Task objective >>
Take the lines below beginning at the line that has "Raft vă va arunca" and stopping after the line that has "冷感パンツ メンズ アイスシルク", and print them exactly as they are, with no other lines.

Input records >>
•••••

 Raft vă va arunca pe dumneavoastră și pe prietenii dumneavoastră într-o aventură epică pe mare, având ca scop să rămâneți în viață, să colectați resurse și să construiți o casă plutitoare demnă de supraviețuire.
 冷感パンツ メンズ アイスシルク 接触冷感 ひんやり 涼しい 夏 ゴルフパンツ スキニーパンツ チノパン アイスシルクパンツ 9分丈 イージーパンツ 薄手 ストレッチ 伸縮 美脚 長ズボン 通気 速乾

•••••

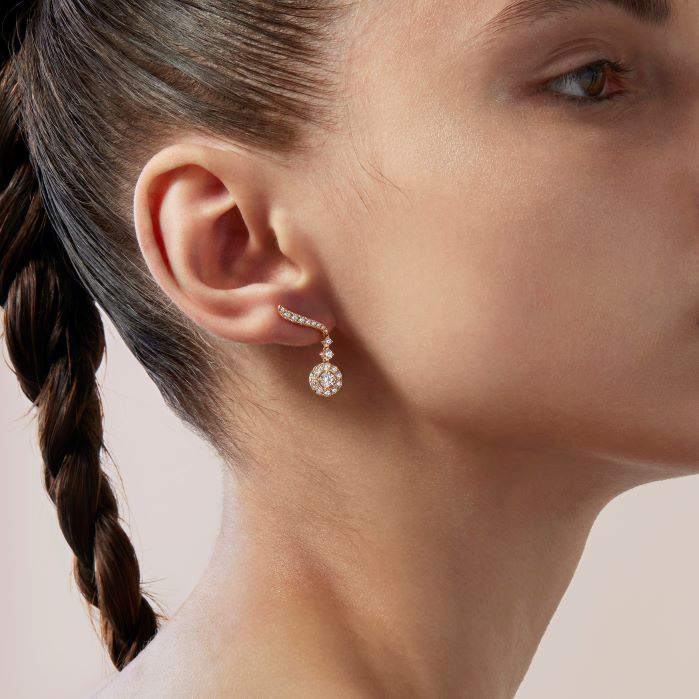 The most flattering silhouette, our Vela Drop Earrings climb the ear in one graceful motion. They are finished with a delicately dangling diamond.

•••••

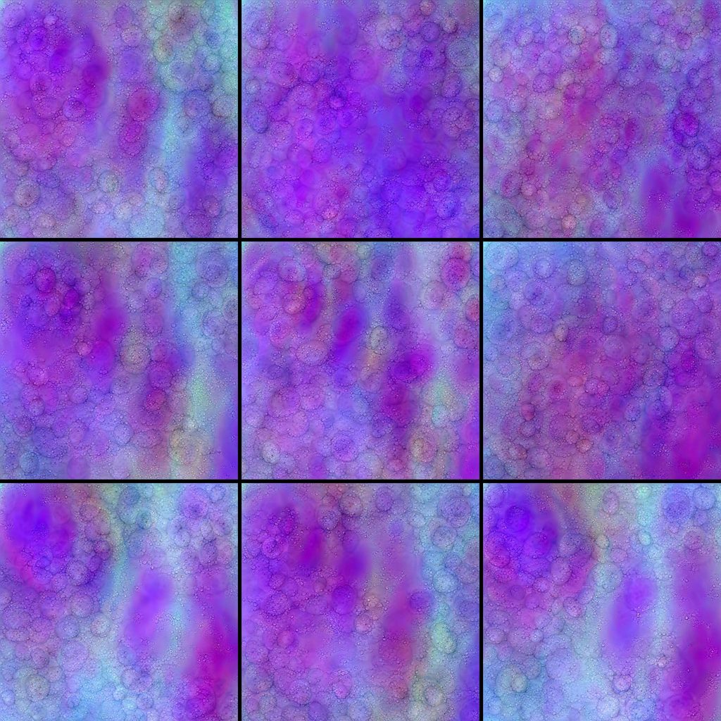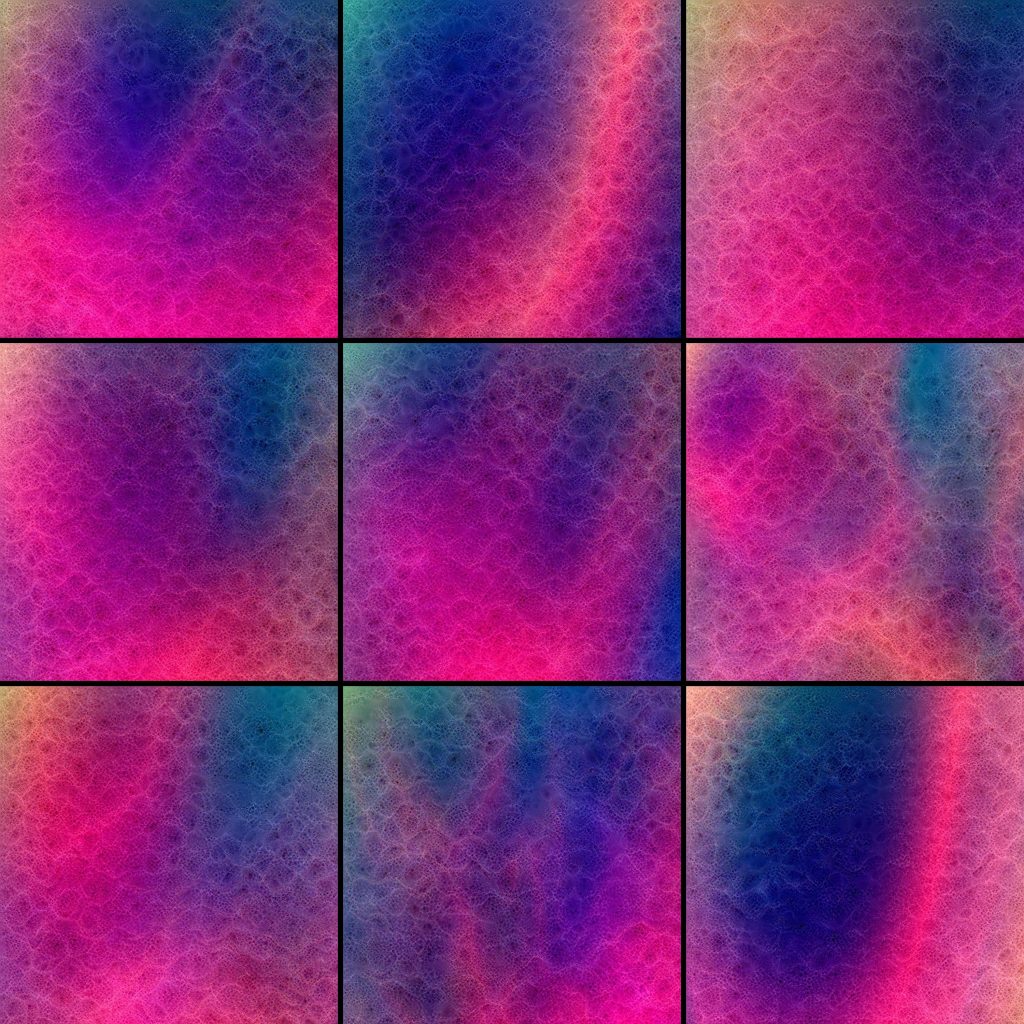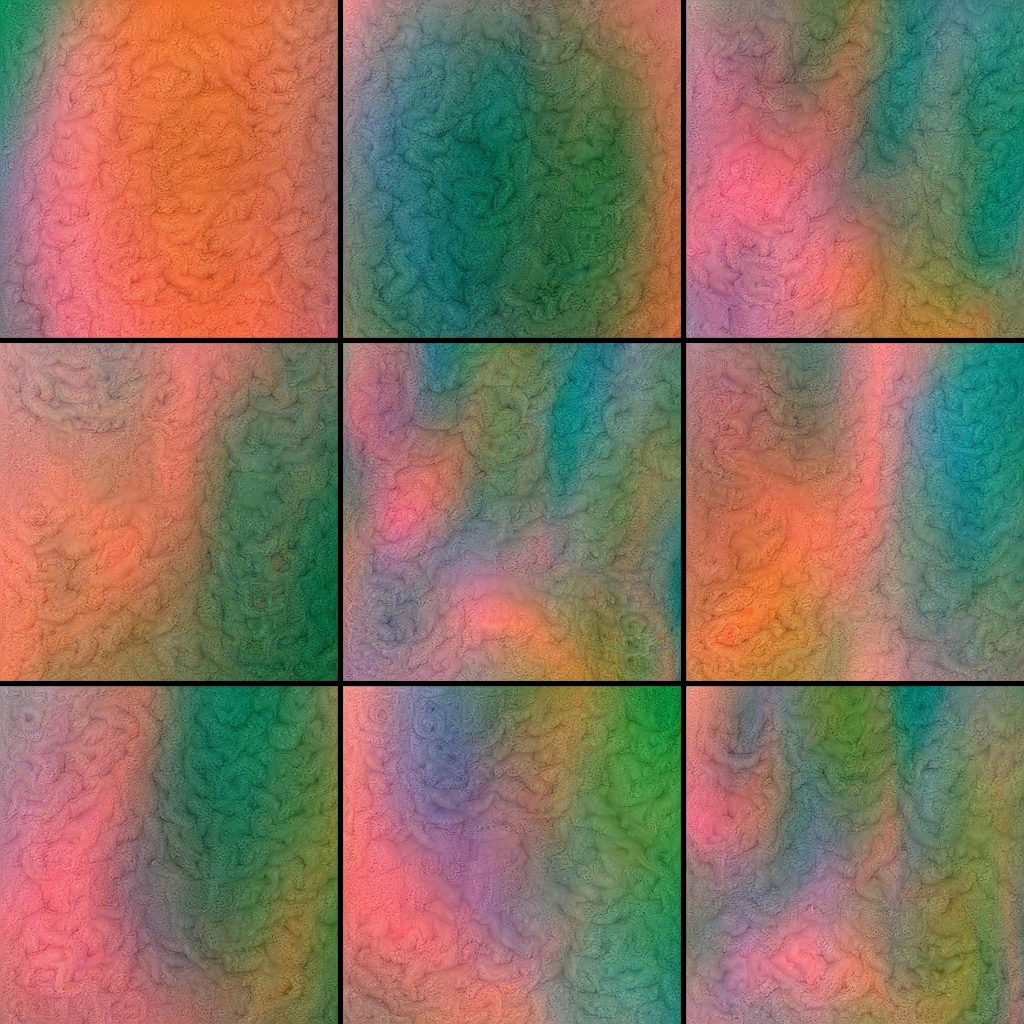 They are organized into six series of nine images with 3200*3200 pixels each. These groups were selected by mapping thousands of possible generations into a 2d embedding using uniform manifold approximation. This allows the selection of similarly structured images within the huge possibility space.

•••••

Reply to the exercise >>
 Raft vă va arunca pe dumneavoastră și pe prietenii dumneavoastră într-o aventură epică pe mare, având ca scop să rămâneți în viață, să colectați resurse și să construiți o casă plutitoare demnă de supraviețuire.
 冷感パンツ メンズ アイスシルク 接触冷感 ひんやり 涼しい 夏 ゴルフパンツ スキニーパンツ チノパン アイスシルクパンツ 9分丈 イージーパンツ 薄手 ストレッチ 伸縮 美脚 長ズボン 通気 速乾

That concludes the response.